The canyon opens up to a beautiful aquamarine lake on approach to Pluzine. Somewhere here is an ‘information control’ – some question or something to discover that proves you’ve visited the location. When I planned my route I used the coordinates supplied by Race Control as it’s the most accurate method, but all I found at the location was a closed café. I did three runs up and down the hilly road just to be sure my GPS wasn’t off but I found nothing, so I went back to the coordinates and took lots of photos in case they were needed for evidence. I can see it now in the photo but I’d missed the little stamp resting on the fence.

CP4 Cafe stamp

Food was the next requirement. I’d not eaten a decent meal for a while and ahead of me lay the parcours over the Durmitor National Park. 80 very lumpy kilometres separated me from Checkpoint 4 and I needed to put some fuel in the tank. The small town seemed well developed and the local convenience had attracted a handful of other racers, all converging on CP4 as the clock ticked down. After a few days of crap food it was exciting to see pots of instant porridge, milk drinks and other nutritional goodies. Jackpot! I loaded my arms up and then found the entire population of Montenegro at the checkout, queuing to pay for their weekly shop. I wasn’t prepared to wait that long so I rolled down a steep hill to the only restaurant that was open this early.

Pluzine lunch
All the brown things.

It was a beautiful spot, crowned on all sides by steep hills. The waiter was immaculately turned out, like a fine dining restaurant. It was probably more used to well-heeled tourists than two-wheeled tourers but as I was the only diner they didn’t seem too concerned. Two orange juices, two baskets of bread, a kebab, chips, fried cheese. Then it was back up the hill and retracing my steps across the causeway to find the tiny road that led up the mountainside and into the National Park.

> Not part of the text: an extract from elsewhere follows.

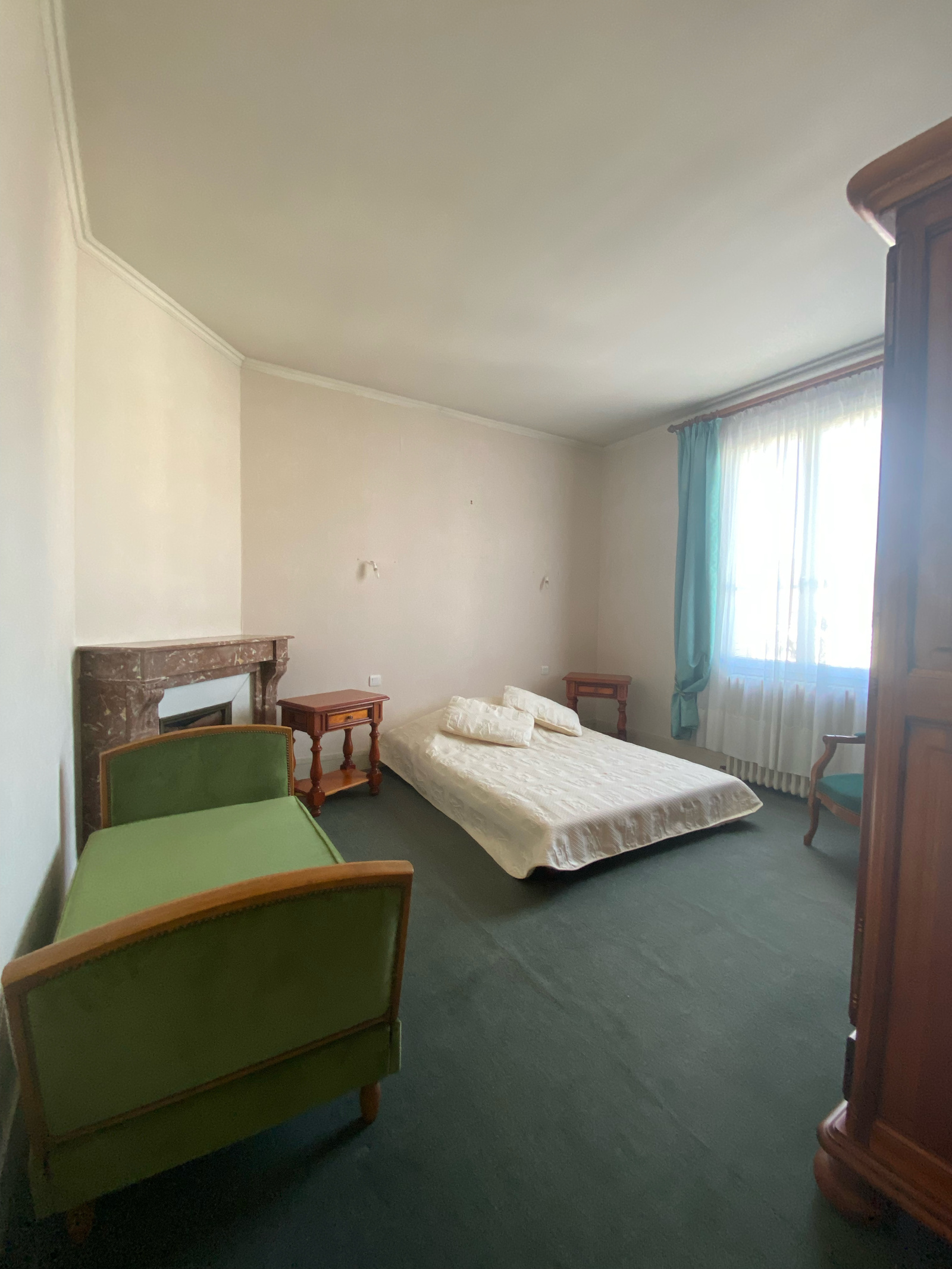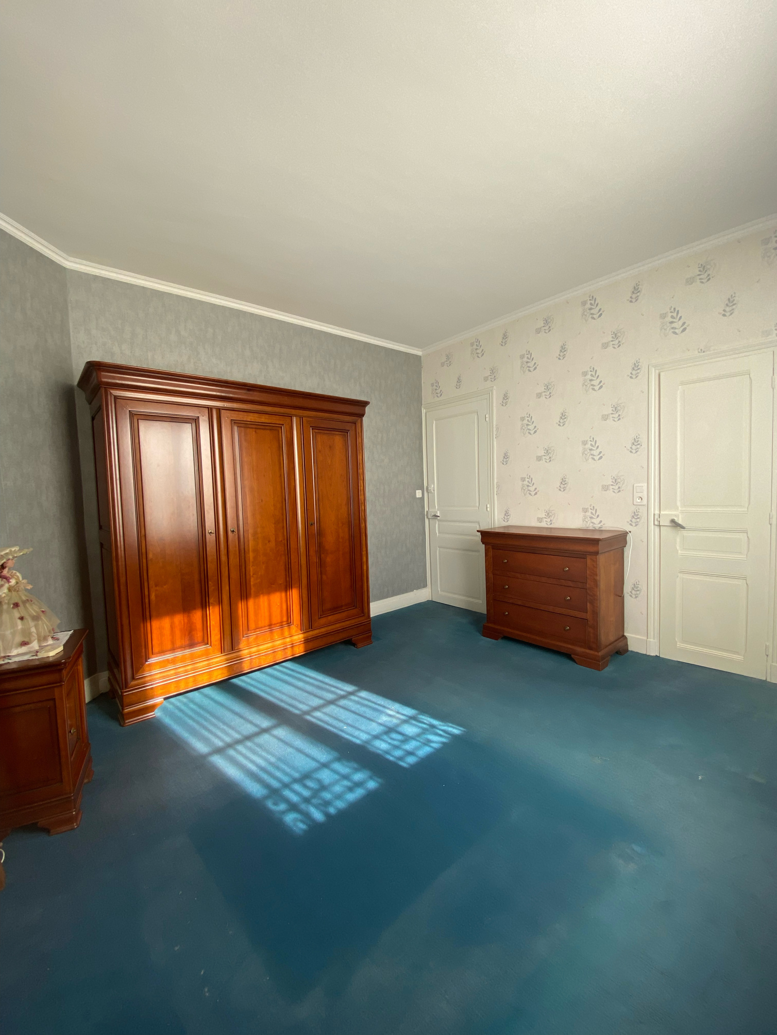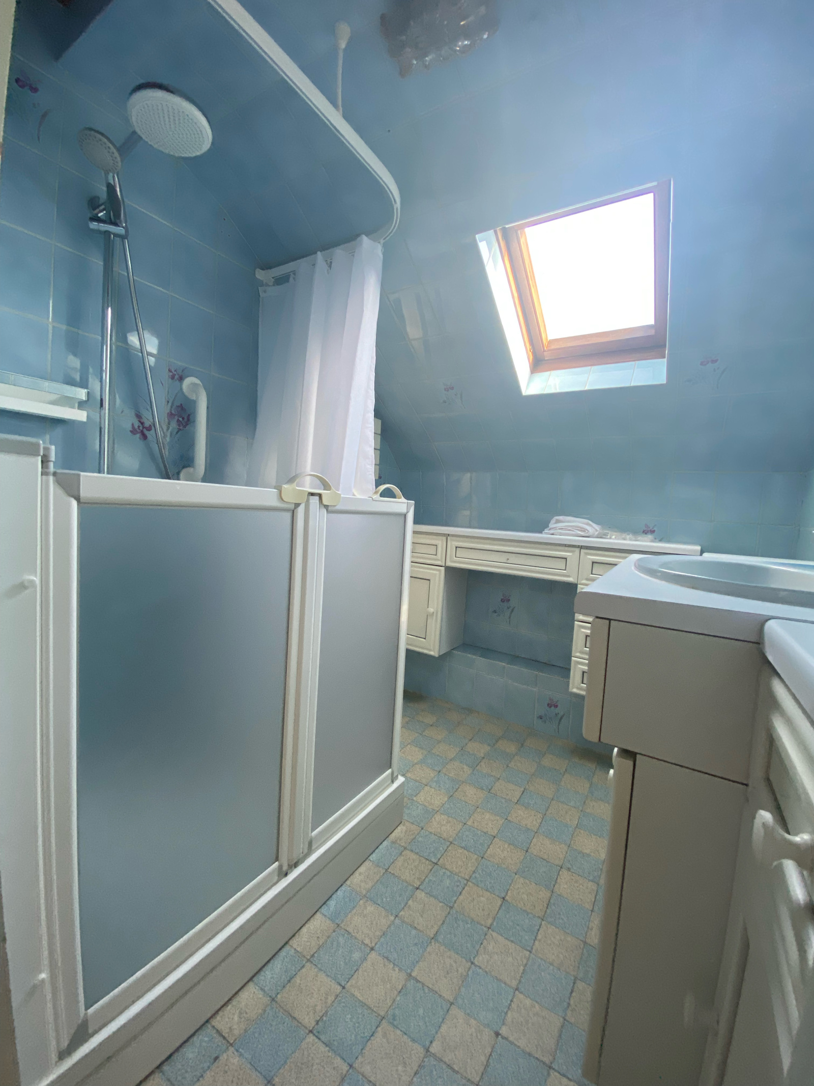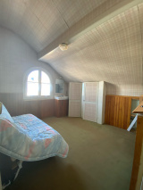 À l’étage, un large palier dessert une salle d’eau, un bureau et deux chambres, dont une avec WC. Maison bien entretenue.

Durmitor TunnelsThe road was a super-condensed version of an Alpine pass, punching through narrow tunnels of rock and switching back tightly to climb the almost-vertical face of this canyon wall. Yesterday the pass had been lashed with rain but today the skies were clear and the midday sun beat down on me. Physically I think I cope with the heat better than most (and fare worse than most in the cold) so the timing had worked well. I crunched the numbers and was fairly confident of making the checkpoint with around an hour to spare. Despite the arduous challenge of scaling Durmitor’s mountain, the carrot of a checkpoint, the beautiful location and the bright weather combined to make this one of the highlights of the race.

Durmitor Plateau.jpg

Durmitor houses

Rising up on the plateau I find a narrow rollercoaster ribbon of tarmac draped over the mountain.What a stunning place. There are tiny clusters of humble buildings scattered across the vast plateau – never more than half a dozen – but there seems very little human activity. At the highest point I round a corner and find a basketball hoop next to farmers home. It’s an incongruous find but it gives the place some humanity and makes life here more real. I imagine a young kid passing his time playing ball and occasionally cursing a long rebound that forces a three hour hike to retrieve it from the valley!

Durmitor Basketball Pano
I’m not sure that’s regulation.

Up ahead I spot a shiny modern van parked up in an unlikely spot. Behind it two guys are peering into what looks like a television camera, pointing at the ground. As I get closer I can see the second guy is operating a remote control. “It looks like a drone crew. They must be making a movie. I wonder what it’s about.” Then the penny drops. I try to spot the drone without looking like I’m looking, all the while attempting to look a bit less broken. I never saw it and I doubt it ever saw me. They were a private media crew for another rider, Oliver Wolff, an hour behind me. I was the test dummy.

Durmitor Wide
Looking back. Spot the basketball hoop on the road in the distance.
Durmitor Rockscape
More up but the highest point is up there on the right.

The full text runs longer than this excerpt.